Grand Tour exhibition at IU Art Museum features Lilly Library books and journals

Thiebault travel journal

Ten items from the Lilly Library collections are part of the current special exhibition at the IU Art Museum, The Grand Tour: Art and Travel, 1740–1914, on view through December 21, 2008. (For more information, see the IU Art Museum web site). This exhibition considers the role of art and visual representation in the history of tourism. One of the great pleasures of researching the exhibition were the many hours I spent at the Lilly Library paging through rare eighteenth-century travel guides and hand-written, hand-drawn travel journals, some of which are still uncatalogued. Drawing was an important component of middle- and upper-class education during the period examined in the Grand Tour exhibition, and it is wonderful to see how the average traveler was able to put their drawing skills to use while on the road.

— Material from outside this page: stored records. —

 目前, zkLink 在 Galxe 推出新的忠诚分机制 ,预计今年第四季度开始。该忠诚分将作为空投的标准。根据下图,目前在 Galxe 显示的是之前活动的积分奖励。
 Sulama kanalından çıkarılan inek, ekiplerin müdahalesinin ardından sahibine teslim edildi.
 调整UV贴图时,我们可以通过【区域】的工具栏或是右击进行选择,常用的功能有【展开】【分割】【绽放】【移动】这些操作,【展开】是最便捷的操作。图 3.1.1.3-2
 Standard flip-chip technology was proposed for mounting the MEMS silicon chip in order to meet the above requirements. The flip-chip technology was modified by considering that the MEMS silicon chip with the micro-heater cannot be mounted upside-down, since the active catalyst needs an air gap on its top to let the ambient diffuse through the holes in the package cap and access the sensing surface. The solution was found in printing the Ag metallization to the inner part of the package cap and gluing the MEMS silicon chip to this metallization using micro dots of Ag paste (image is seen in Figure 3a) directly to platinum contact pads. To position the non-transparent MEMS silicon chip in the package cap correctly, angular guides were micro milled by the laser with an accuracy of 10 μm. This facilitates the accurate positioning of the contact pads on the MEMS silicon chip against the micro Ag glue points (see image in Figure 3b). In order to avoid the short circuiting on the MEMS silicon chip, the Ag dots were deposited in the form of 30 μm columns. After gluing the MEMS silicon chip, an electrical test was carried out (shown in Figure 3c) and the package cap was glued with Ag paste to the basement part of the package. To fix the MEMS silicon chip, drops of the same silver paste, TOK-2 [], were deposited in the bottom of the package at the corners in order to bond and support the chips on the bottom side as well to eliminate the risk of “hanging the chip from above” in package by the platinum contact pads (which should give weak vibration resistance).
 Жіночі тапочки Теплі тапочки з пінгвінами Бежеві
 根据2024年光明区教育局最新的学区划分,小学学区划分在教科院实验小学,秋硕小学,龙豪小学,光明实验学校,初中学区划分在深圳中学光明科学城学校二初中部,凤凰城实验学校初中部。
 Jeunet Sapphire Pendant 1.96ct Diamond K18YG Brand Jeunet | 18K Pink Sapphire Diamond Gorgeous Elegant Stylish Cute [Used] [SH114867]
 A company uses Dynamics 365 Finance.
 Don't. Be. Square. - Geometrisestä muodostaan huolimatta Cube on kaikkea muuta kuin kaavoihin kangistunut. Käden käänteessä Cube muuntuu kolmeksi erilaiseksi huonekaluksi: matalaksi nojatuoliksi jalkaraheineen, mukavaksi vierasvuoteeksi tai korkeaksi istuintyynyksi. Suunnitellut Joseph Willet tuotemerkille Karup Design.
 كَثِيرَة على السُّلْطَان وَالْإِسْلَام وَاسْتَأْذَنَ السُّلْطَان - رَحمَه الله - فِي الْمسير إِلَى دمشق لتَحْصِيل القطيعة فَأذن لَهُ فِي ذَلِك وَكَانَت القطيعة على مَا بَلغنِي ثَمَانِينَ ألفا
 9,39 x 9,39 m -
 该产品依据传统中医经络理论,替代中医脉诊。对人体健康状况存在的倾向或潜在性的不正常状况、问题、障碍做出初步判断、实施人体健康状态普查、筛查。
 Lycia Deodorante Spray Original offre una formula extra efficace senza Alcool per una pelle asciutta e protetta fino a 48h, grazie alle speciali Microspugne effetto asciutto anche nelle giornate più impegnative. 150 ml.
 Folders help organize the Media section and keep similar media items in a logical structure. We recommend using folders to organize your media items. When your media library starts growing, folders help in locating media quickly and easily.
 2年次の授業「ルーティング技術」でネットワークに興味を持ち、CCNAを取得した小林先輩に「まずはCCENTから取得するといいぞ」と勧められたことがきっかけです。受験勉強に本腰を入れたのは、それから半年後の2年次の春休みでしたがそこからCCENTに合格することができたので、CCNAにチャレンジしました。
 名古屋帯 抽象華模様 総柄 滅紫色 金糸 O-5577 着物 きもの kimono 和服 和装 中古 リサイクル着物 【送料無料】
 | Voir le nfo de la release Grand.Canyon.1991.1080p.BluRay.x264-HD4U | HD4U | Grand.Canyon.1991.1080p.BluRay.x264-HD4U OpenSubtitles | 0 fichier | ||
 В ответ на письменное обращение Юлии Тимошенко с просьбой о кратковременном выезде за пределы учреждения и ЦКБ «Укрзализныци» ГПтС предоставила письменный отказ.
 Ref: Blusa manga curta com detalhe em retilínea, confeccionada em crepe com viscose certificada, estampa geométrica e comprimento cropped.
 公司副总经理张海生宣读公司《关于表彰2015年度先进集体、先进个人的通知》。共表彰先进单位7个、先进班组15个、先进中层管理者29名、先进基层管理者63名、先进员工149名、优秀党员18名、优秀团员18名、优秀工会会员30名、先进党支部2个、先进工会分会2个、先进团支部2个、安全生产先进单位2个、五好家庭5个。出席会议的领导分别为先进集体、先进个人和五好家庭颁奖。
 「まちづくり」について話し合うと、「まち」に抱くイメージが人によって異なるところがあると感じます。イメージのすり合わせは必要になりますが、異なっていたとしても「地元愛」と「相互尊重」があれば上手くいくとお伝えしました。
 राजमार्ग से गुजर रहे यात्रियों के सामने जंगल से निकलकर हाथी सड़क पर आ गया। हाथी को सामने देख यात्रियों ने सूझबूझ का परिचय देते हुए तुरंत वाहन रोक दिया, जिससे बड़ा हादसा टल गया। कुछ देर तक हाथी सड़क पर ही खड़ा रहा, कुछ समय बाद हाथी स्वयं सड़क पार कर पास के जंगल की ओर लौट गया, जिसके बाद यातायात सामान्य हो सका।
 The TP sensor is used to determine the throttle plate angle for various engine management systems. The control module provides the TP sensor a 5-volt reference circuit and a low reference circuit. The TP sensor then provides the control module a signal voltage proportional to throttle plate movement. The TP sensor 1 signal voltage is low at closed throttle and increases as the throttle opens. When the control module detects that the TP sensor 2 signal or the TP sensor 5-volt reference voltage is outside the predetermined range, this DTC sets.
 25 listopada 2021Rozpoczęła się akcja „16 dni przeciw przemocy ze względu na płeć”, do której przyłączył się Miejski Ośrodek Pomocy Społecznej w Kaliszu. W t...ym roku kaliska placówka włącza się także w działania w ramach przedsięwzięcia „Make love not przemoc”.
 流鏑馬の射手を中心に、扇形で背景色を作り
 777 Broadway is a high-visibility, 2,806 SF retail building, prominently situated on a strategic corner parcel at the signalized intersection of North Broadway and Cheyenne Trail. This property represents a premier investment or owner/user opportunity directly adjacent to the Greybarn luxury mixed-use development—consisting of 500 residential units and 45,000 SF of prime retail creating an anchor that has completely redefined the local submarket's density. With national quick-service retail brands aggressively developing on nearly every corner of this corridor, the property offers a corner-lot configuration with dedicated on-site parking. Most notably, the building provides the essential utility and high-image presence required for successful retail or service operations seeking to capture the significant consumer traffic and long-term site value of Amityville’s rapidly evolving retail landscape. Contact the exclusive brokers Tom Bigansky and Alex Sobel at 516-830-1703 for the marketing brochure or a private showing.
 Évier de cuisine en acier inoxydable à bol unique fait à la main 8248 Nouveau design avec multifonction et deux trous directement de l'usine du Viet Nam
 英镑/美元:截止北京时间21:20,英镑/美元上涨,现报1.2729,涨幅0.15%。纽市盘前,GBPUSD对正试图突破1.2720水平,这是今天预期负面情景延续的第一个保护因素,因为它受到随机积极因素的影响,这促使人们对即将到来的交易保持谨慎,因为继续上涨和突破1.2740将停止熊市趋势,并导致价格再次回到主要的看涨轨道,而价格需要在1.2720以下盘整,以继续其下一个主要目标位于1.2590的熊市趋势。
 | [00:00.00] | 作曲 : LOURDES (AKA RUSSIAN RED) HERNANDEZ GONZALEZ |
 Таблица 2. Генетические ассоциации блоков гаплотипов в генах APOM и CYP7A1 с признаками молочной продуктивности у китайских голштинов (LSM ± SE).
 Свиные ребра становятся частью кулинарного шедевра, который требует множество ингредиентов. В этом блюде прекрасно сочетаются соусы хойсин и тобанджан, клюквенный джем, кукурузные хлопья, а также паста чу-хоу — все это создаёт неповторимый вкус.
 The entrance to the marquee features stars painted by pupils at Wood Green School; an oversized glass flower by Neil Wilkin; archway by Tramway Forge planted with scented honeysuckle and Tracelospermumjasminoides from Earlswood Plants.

One of my favorite Lilly books in the exhibition is a two-volume journal (only volume one is in the exhibition) recording a walking tour in the north of Wales in September 1827, Voyage à pied dans le nord du Pays de Galles (Thiebault Family mss., uncatalogued). The journal was compiled by a French traveler, Adolphe Thiebault (1797–1875?), and is filled with his beautiful, precisely delineated ink and wash drawings of the landscapes he encountered in Wales. Each drawing is carefully pasted into the journal, and is accompanied by a descriptive caption and date. The page on view in the exhibition is particularly interesting, depicting a view of the Menai Suspension Bridge, a modern technological wonder in Thiebault’s day. Completed in 1826, the bridge was one of the world’s first iron suspension bridges. Linking mainland Wales to the island of Anglesey (previously accessible only by ferry), the bridge reduced travel time between London and Dublin from thirty-six hours to just nine. Thiebault drew the bridge on September 16, and on the facing page pasted a newspaper clipping with a story about the bridge.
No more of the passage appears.